Maggie Maggio

Exploring Color in the 21st Century

Saturday School: Pasta Machine Standard Settings

After struggling to write the instructions for a new project, I realized how crazy it is that we do not have standard settings on pasta machines. We can’t just use the numbers because every pasta machine is different. Sometimes the thickest setting is #1, sometimes the thinnest setting is #1. Sometimes the thickest setting is over 1/8″ thick and sometimes it is closer to 1/16th”. This causes all kinds of problems in projects where the thickness of the sheet is critical to the technique.

I have a simple solution. Let’s standardize at least three settings  – call them “thick”, “medium” and “thin”  – and label our pasta machines.

1. Write down the numbers on your pasta machine dial on a sheet of scrap paper.

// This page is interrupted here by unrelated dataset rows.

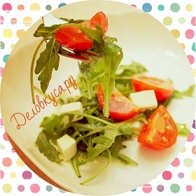 Рукколу промыть, высушить. Томаты черри порезать на две половинки. Моцареллу нарезать кубиками. Если вы берете обычные томаты, то их как и моцареллу лучше порезать кружками, выкладывая  в тарелку , чередуя друг друга по кругу.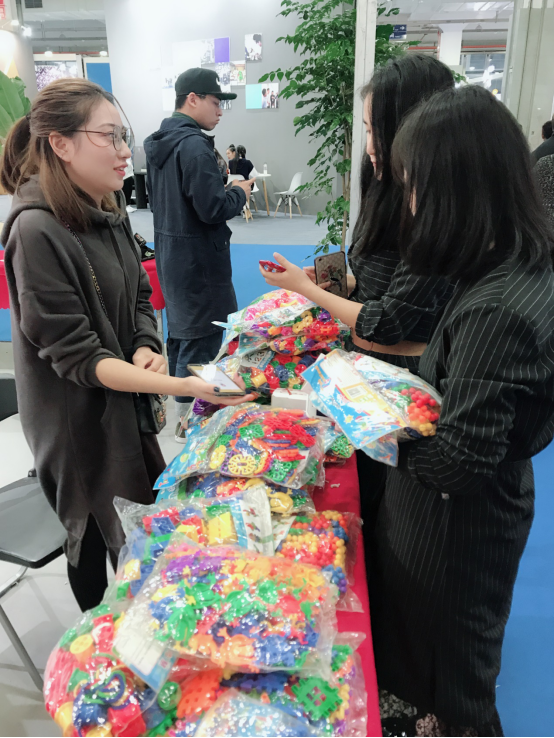 “2+1”创业班员工的儿童积木项目现场火爆。据悉,林银静联合几个同学注册了一家淘宝店,售卖自己品牌的儿童积木玩具。他们在现场一边进行儿童积木的体验互动活动,一边售卖自己品牌积木玩具。2天半时间内就卖光所有存货,销售额达到3000多元。
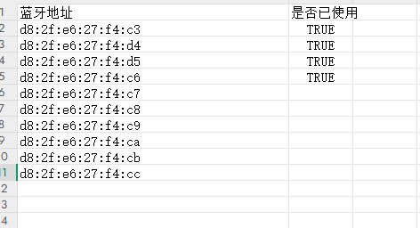 从第二行开始,第一列是蓝牙地址,第二列是对应行数的蓝牙地址是否已使用的标记。格式如下图: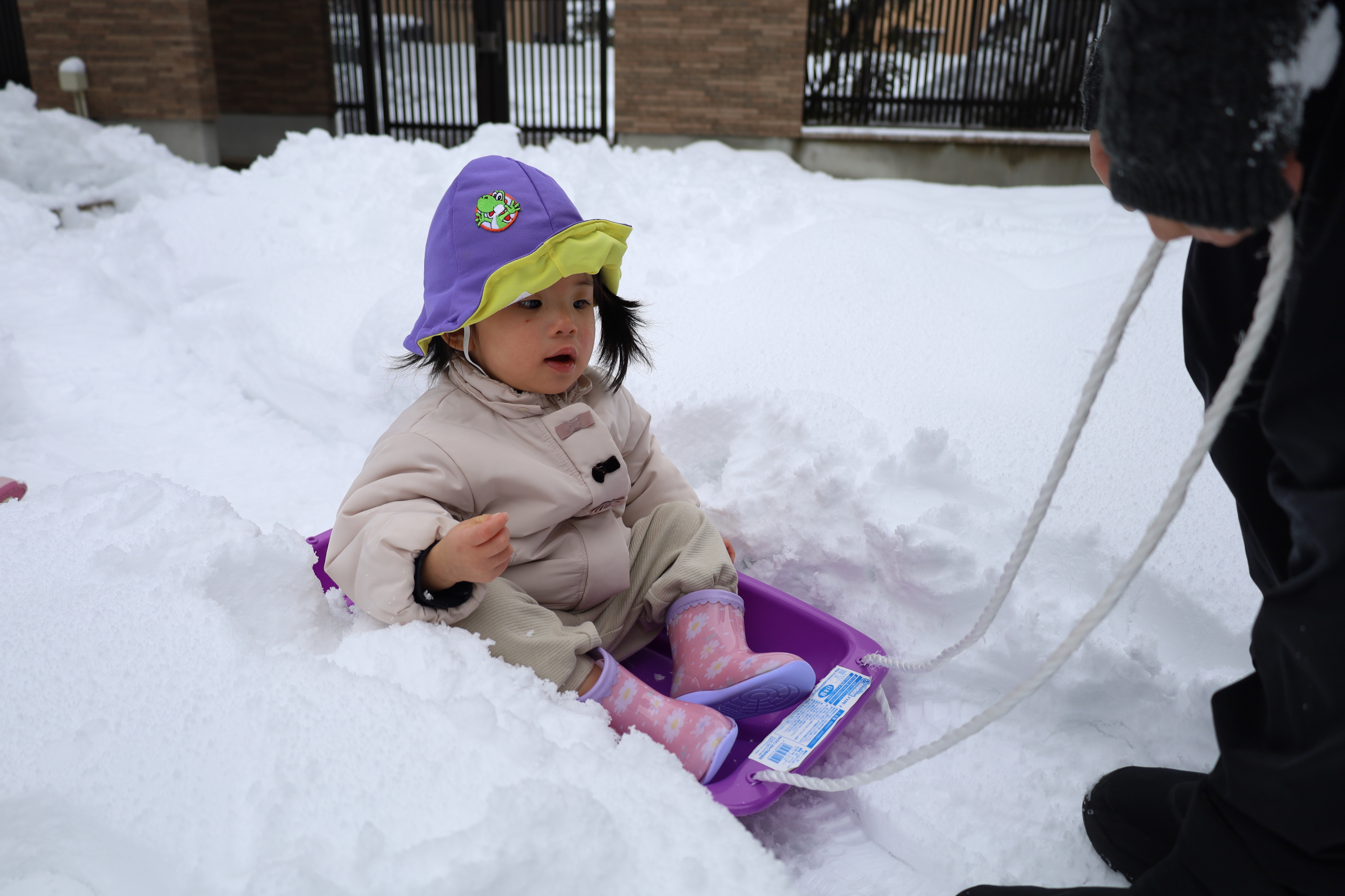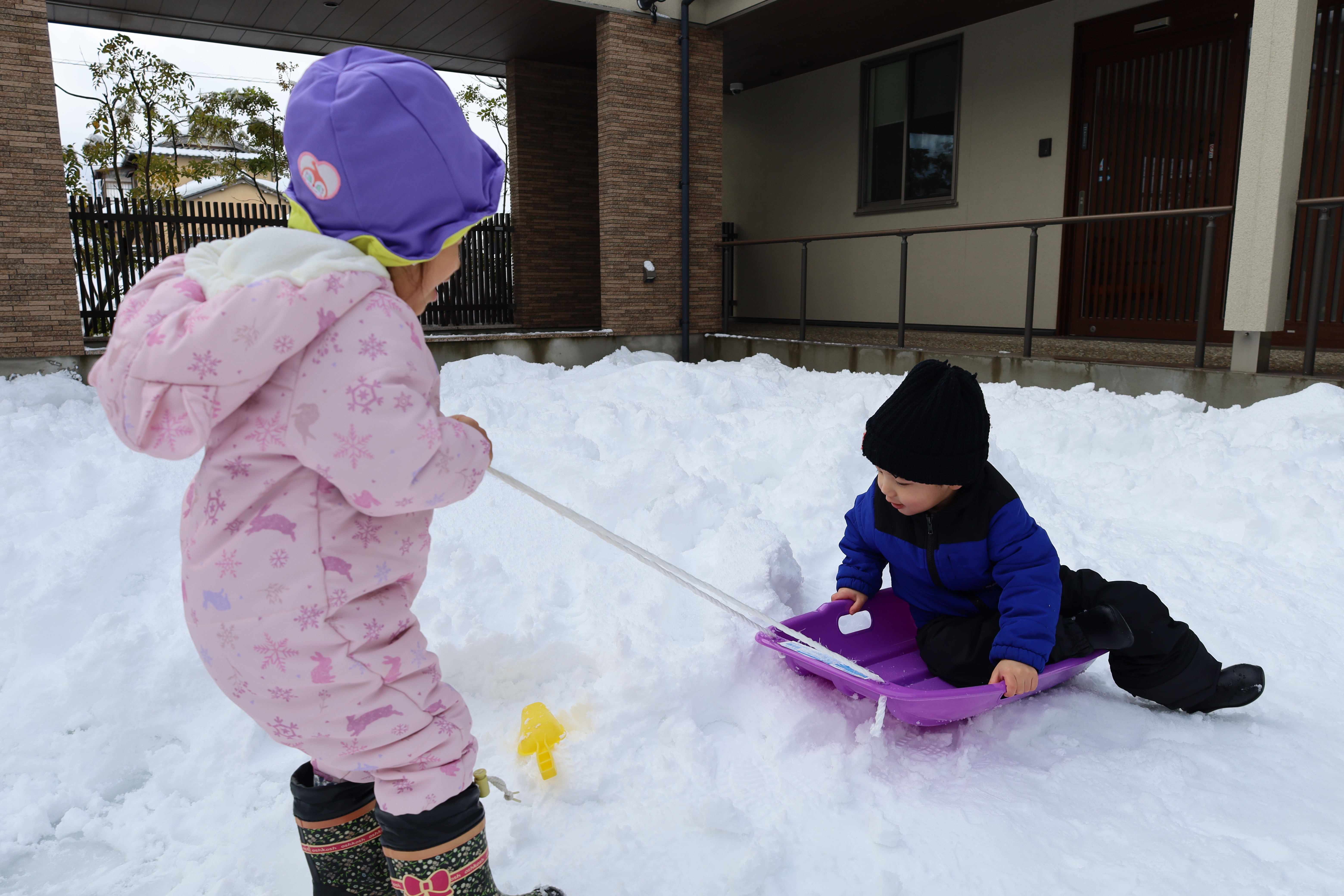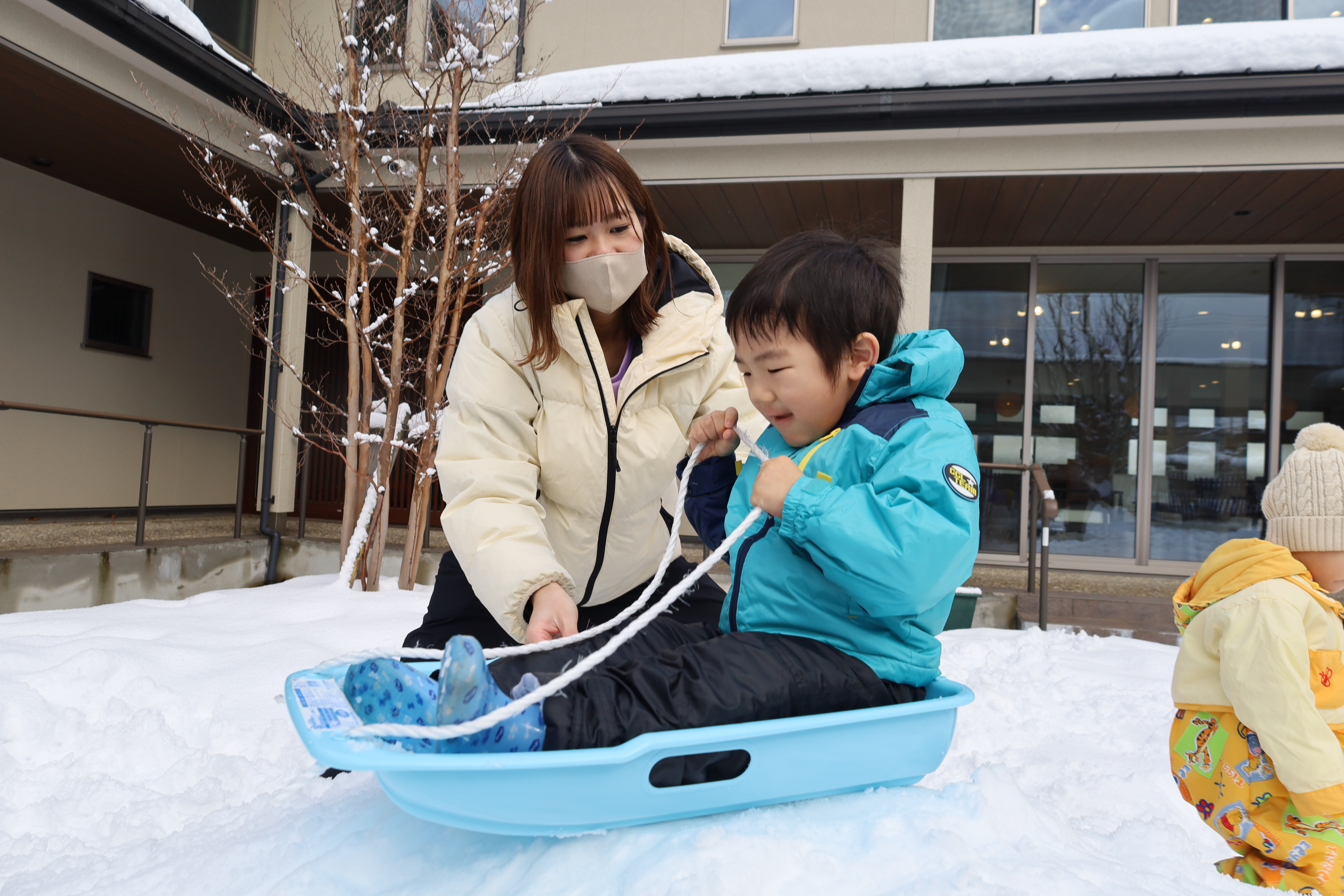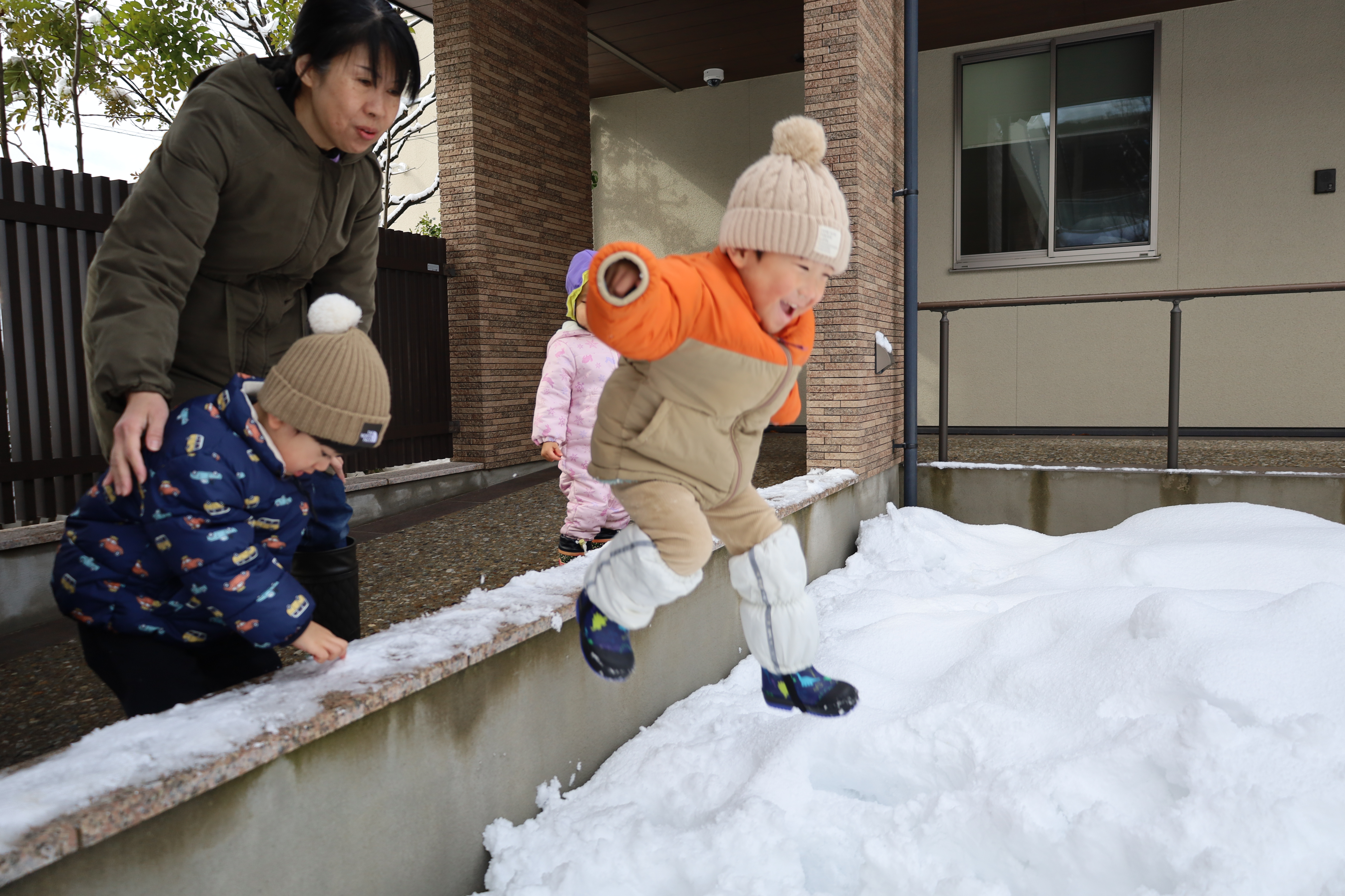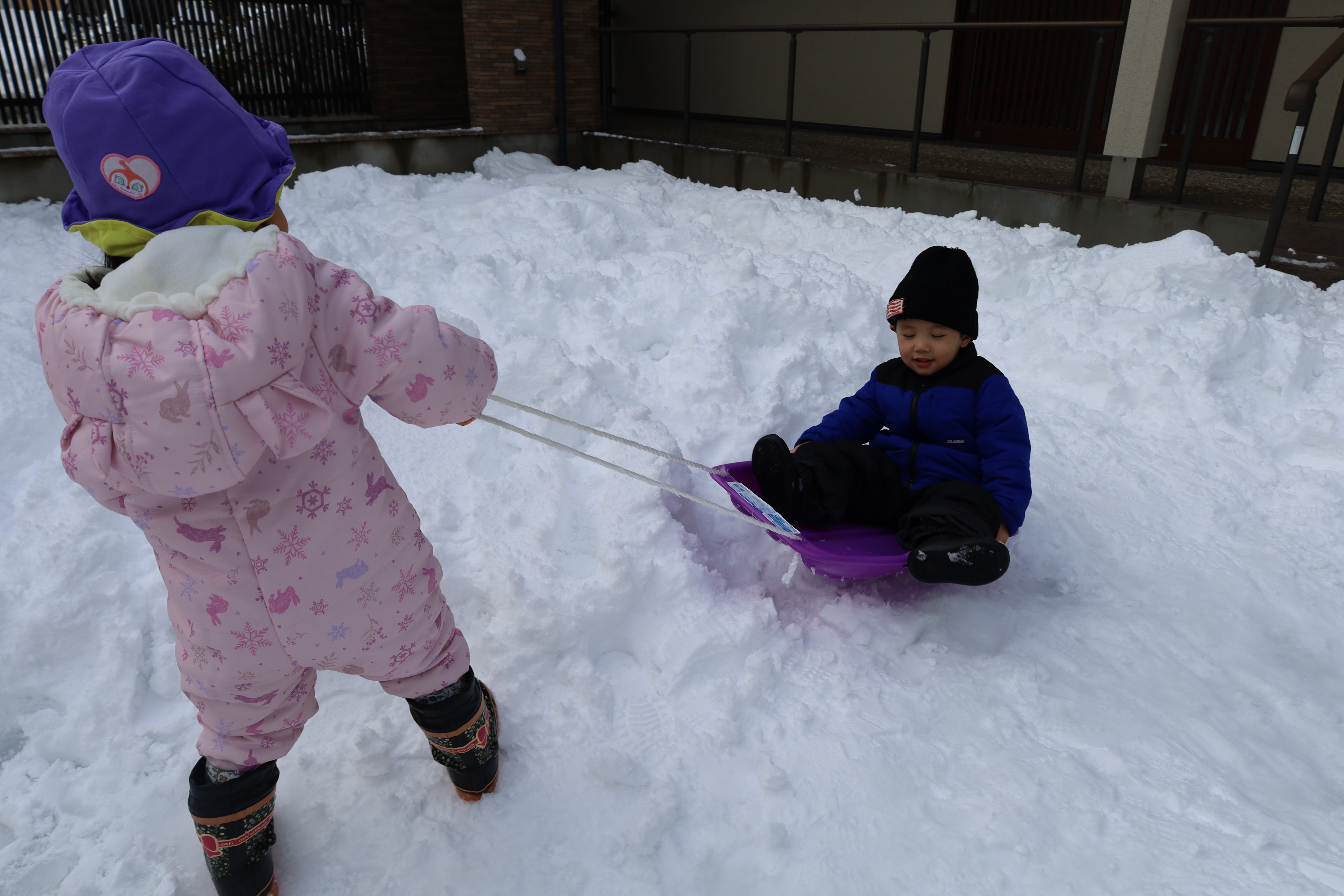 2026.01.30 はなえみhoujikai 2026/1/30 ゆきあそびあれこれ ツイート シェア はてブ 送る Pocket 園庭いっぱいに雪がつもりました。 「きょう、ゆきあそびする?」といいながら登園してくる子も増えてきました。 はなたね 尻もちついたって、 雪のおままごとはたのしいよ。 どうやって、行こうか思案中。 雪にすっぽりはまっちゃった・・・・。 よいしょっと!! 雪ってしろいね! つめたいね。 ソリで雪のドライブ! スピード上げてね! みのり 雪あそびが大好きなみのりぐみさんたち。 雪の探検隊。 雪に向かって、 思いっきり ジャ~ンプ!! 痛くないよ!面白い!! ハマっても自分で抜け出して・・・ 寝っ転がっちゃう!! 引っ張ってあげる。 よろしくね。 そりあそび。 山をソリで下って・・・・ おもいきり雪遊びを楽しんでいます。 1月30日 今日の給食 離乳食・後期 かゆ・鶏肉のとろとろトマト煮・小松菜サラダ・味噌汁 幼児食 鉄分強化!ふりかけご飯・鶏肉の照りボール・マカロニツナサラダ・味噌汁(かぶ・油揚げ) 幼児食・午後おやつ 牛乳・切干大根の和風米粉チヂミ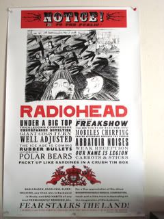 Eventually, Thom Yorke came out in all his glory! Wearing red pants, a black tee and chucks, might I add. ;] I choked up as they broke into song. The light show was amazing. The odd bars WERE lights and there was a screen in the background feeding us a live feed of their faces, the entire thing was surreal. I cried during Videotape, just as I knew I would.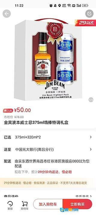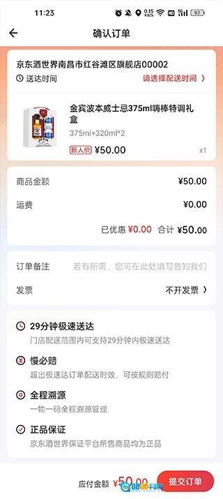 29在京东酒世界下单,附近门店会立刻安排配送,承诺29分钟内极速送达,若超出该时效(需在门店配货范围内),将按照规则进行赔付。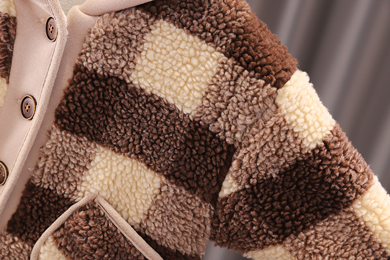 소년의 겨울 2024 새로운 어린이 서양식 아기의 겨울 양고기 플리스 격자 후드 코트 따뜻한 탑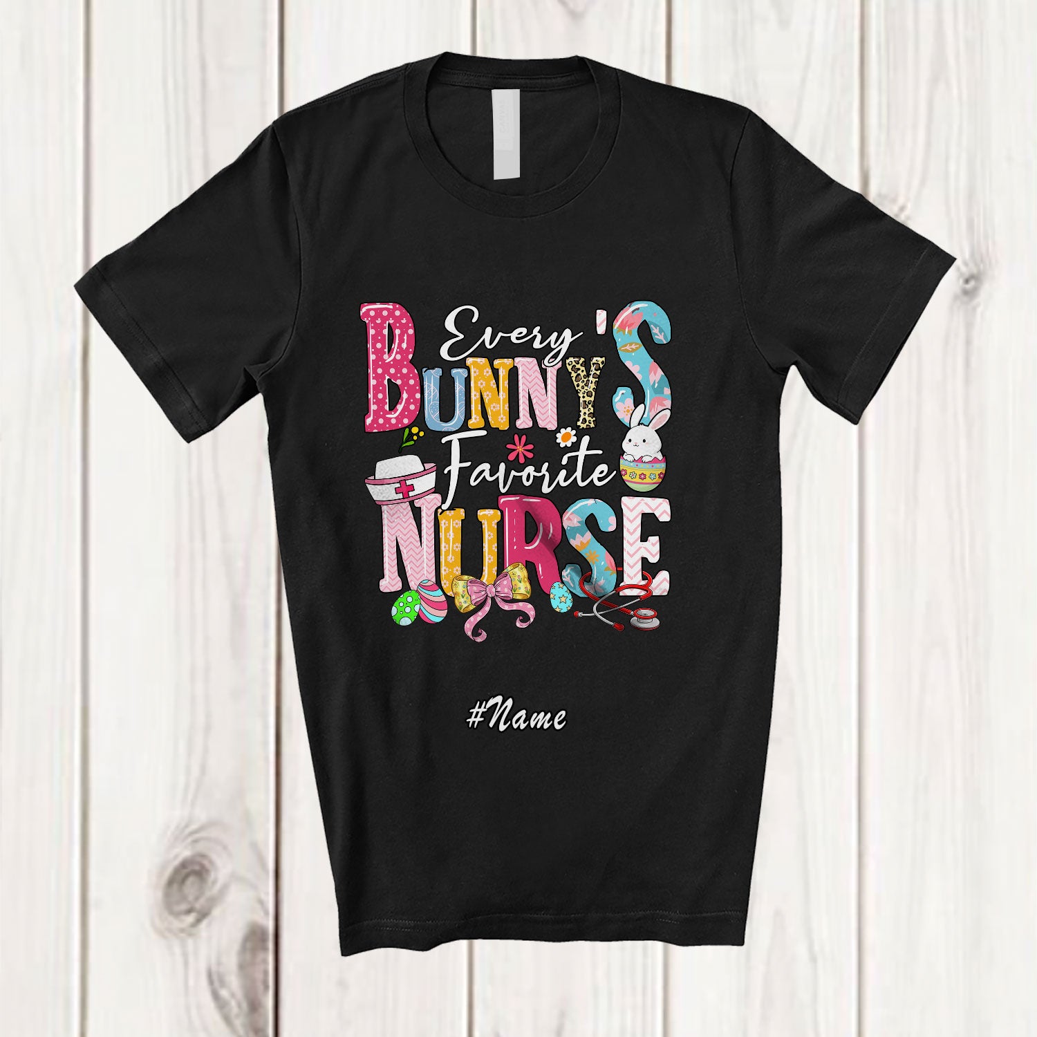Personalized Custom Name Every Bunny's Favorite Nurse; Lovely Easter Leopard Bunnies Eggs T-Shirt. This cotton t-shirt is a durable staple product with a classic fit. One of the most popular items, it has a relaxed style made for everyday and casual wear.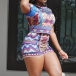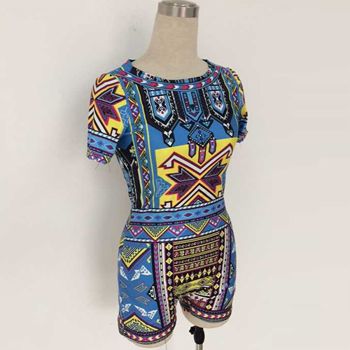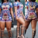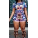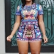 This romper features chic and abstract printed style,with short sleeve,round neck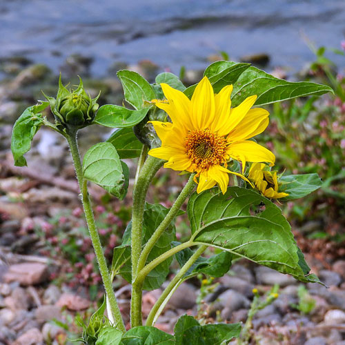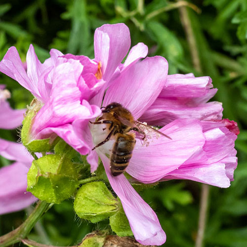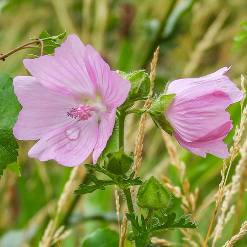 A lonely Sunflower was growing on the pebble banks of the loch, opposite the Watersports Centre. It was probably a result of uneaten seeds thrown to the swans. The Council’s wildflower project was past its peak but I did see a very pretty Musk Mallow in flower at the edge on the now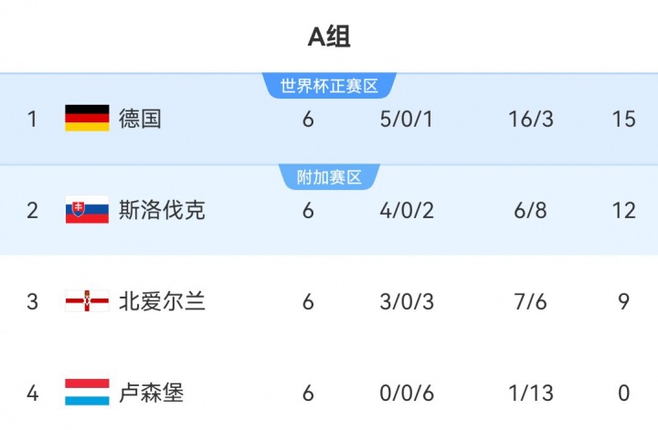 A组:德国头名纵贯正赛,斯洛伐克第2将参加附加赛,北爱尔兰凭借欧国联收成参预附加赛

Some pasta machines have only 6 settings, some as many as 9 settings.

2. Sheet a small piece of clay at the thickest setting and then cut it into 8 pieces. Line the pieces up, measure the width, and make a note of the width. In the illustration below my note would read, #1 = 1″ (24 mm in metric)

8 sheets = 1"

8 sheets = 24 mm









Why eight sheets? We could try to measure the thickness of just one sheet but this is difficult to do with any accuracy especially at the thinnest settings. Eight sheets gives us something to measure easily.

3. Do the same thing for all of the settings.

4. Once you have all the widths documented, identify these five settings –

Very Thick        8 sheets = More than 7/8″ (22+ mm)

Thick                8 sheets = 3/4″ – 7/8″ (19-22 mm)

Medium          8 sheets = 3/8″ – 7/16″ (10-11 mm)

Thin                 8 sheets = 3/16″ – 7/32″ (5 – 6 mm)

Very Thin         8 sheets = 1/8″ or less (3 mm or less)

5. Label the pasta machine. I just use a file label.

Not all pasta machines will have all five settings – this machine did not have a very thin setting and the thinnest setting was not even as thin as it should be. But in my experience, pretty much all pasta machines have settings that correspond to the middle three thicknesses.

I’d like to suggest that teachers start using just these three settings  – “thick”, “medium”, and “thin” –  and that all workshops start with students finding the numbers on their pasta machine that are closest to these settings.

You can of course use all your settings not just these three. I could, for example, say “Sheet the clay at your medium-thick setting.”  You would know to sheet it between your thick and medium settings.

If you have more than one pasta machine put labels on all of them. Here’s the chart for my four Atlas 150’s. As you can see they are all different.

I like to identify my pasta machines with a letter so that I can easily make notes when I’m working on a project. A is my motorized pasta machine. B is my old Atlas that I only use for its very thin setting, C and D are my traveling pasta machines.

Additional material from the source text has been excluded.